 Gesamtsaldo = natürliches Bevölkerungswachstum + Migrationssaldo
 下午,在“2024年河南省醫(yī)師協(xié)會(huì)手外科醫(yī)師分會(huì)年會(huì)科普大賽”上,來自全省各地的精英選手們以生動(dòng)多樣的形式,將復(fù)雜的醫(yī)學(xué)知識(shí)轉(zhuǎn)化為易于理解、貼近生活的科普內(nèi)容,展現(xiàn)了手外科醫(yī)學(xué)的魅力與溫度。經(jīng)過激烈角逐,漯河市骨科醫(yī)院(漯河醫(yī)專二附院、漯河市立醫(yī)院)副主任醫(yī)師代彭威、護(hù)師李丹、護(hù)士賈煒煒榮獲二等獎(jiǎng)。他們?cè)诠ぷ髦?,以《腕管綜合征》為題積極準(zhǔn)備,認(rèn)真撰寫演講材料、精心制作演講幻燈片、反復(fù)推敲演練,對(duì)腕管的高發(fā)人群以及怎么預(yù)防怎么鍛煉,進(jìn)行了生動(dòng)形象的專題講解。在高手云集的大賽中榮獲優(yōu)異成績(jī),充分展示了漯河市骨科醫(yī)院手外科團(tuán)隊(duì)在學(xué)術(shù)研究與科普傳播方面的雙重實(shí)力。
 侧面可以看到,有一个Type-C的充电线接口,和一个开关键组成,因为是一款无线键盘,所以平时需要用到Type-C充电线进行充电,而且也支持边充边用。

Your task »
Extract all of the data exactly as written.

Reply »
 Gesamtsaldo = natürliches Bevölkerungswachstum + Migrationssaldo
 下午,在“2024年河南省醫(yī)師協(xié)會(huì)手外科醫(yī)師分會(huì)年會(huì)科普大賽”上,來自全省各地的精英選手們以生動(dòng)多樣的形式,將復(fù)雜的醫(yī)學(xué)知識(shí)轉(zhuǎn)化為易于理解、貼近生活的科普內(nèi)容,展現(xiàn)了手外科醫(yī)學(xué)的魅力與溫度。經(jīng)過激烈角逐,漯河市骨科醫(yī)院(漯河醫(yī)專二附院、漯河市立醫(yī)院)副主任醫(yī)師代彭威、護(hù)師李丹、護(hù)士賈煒煒榮獲二等獎(jiǎng)。他們?cè)诠ぷ髦?,以《腕管綜合征》為題積極準(zhǔn)備,認(rèn)真撰寫演講材料、精心制作演講幻燈片、反復(fù)推敲演練,對(duì)腕管的高發(fā)人群以及怎么預(yù)防怎么鍛煉,進(jìn)行了生動(dòng)形象的專題講解。在高手云集的大賽中榮獲優(yōu)異成績(jī),充分展示了漯河市骨科醫(yī)院手外科團(tuán)隊(duì)在學(xué)術(shù)研究與科普傳播方面的雙重實(shí)力。
 侧面可以看到,有一个Type-C的充电线接口,和一个开关键组成,因为是一款无线键盘,所以平时需要用到Type-C充电线进行充电,而且也支持边充边用。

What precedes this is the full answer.